SAS stores dates as days since 1960-01-01 and datetimes as seconds since 1960-01-01:

# Without coercion (raw numeric values)
df, meta = read_sas("data.sas7bdat", coerce_temporals=False)
print(df["date_var"])  # 21915.0

# With coercion (Python dates)
df, meta = read_sas("data.sas7bdat", coerce_temporals=True)
print(df["date_var"])  # 2020-01-15

Format codes determine conversion:

DATE, MMDDYY, YYMMDD → pl.Date
DATETIME, DATETIME20 → pl.Datetime
TIME → pl.Duration

XPT Version Comparison

Feature	XPT v5	XPT v8
Variable name length	8 chars	32 chars
String length	200 chars	Unlimited
Character encoding	ASCII	UTF-8
SAS compatibility	SAS 6+	SAS 8+
FDA acceptance	✅	✅

Recommendation: Use version 8 unless you need compatibility with very old SAS installations.

Data Type Conversions

Reading (SAS → Python)

SAS Type	Polars Type	Notes
Numeric	Float64	All SAS numeric → Float64
Character	Utf8	String data
Date	Float64 or Date	Use `coerce_temporals=True`
Datetime	Float64 or Datetime	Use `coerce_temporals=True`

Writing (Python → XPT)

Polars Type	XPT Type	Notes
Int8–Int64, UInt8–UInt64	Numeric (double)	All integers → double
Float32, Float64	Numeric (double)
Boolean	Numeric (double)	True=1, False=0
Utf8	Character
Date, Datetime	Numeric (double)	Days/seconds since 1960

FDA Submissions and CDISC

Creating CDISC-Compliant XPT Files

df_adsl = pl.DataFrame({
    "STUDYID": ["STUDY001"] * 100,
    "USUBJID": [f"001-{i:03d}" for i in range(1, 101)],
    "SUBJID": [f"{i:03d}" for i in range(1, 101)],
    "AGE": pl.Series([25 + i % 50 for i in range(100)], dtype=pl.Float64),
    "SEX": ["M", "F"] * 50,
    "ARM": ["PLACEBO", "TREATMENT"] * 50
})

write_xpt(
    df_adsl,
    "adsl.xpt",
    version=8,
    name="ADSL",
    label="Subject-Level Analysis Dataset"
)

CDISC Validation Helper

def validate_cdisc_xpt(df: pl.DataFrame, dataset_name: str) -> list[str]:
    """Validate DataFrame meets CDISC/FDA requirements."""
    issues = []

    # Required SDTM variables
    required = ["STUDYID", "USUBJID"]
    missing = [v for v in required if v not in df.columns]
    if missing:
        issues.append(f"Missing required: {', '.join(missing)}")
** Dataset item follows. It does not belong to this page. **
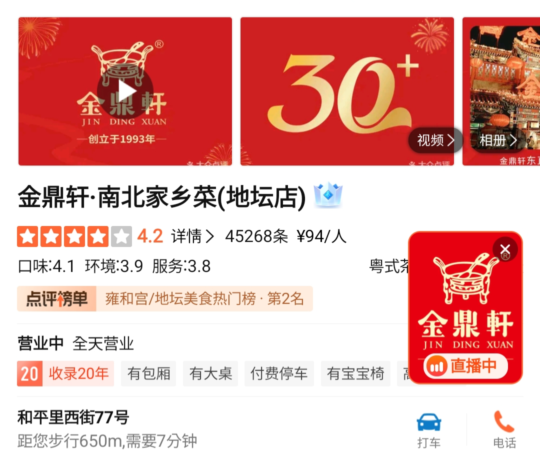 금정헌은 옹화궁에서 걸어서 약 5~10분 정도면 도착 가능한 거리에 있는 로컬 딤섬 맛집으로 북경에 여러 체인점을 운영하고 있는 대형 식당으로, 1993년에 설립되어 북경에서 24시간 영업의 개념을 최초로 개척한 최초의 요식업 기업이다.

    # Variable name length (max 8 for CDISC)
    long_names = [c for c in df.columns if len(c) > 8]
    if long_names:
        issues.append(f"Names > 8 chars: {', '.join(long_names)}")

    # Dataset name length
    if len(dataset_name) > 8:
        issues.append(f"Dataset name '{dataset_name}' > 8 chars")

    return issues

issues = validate_cdisc_xpt(df_adsl, "ADSL")
if not issues:
    print("✅ CDISC-compliant")

Common Patterns

Converting SAS to Other Formats

df, meta = read_sas("data.sas7bdat", catalog_path="formats.sas7bcat")

# To CSV
df.write_csv("data.csv")

# To Parquet (preserves types)
df.write_parquet("data.parquet")

# To Stata
from svy_io.stata import write_dta
write_dta(df, "data.dta")

Preserving Metadata

from svy_io.sas import read_sas, write_xpt, get_column_labels

df, meta = read_sas("input.sas7bdat", catalog_path="formats.sas7bcat")

# Transform
df_filtered = df.filter(pl.col("valid") == 1)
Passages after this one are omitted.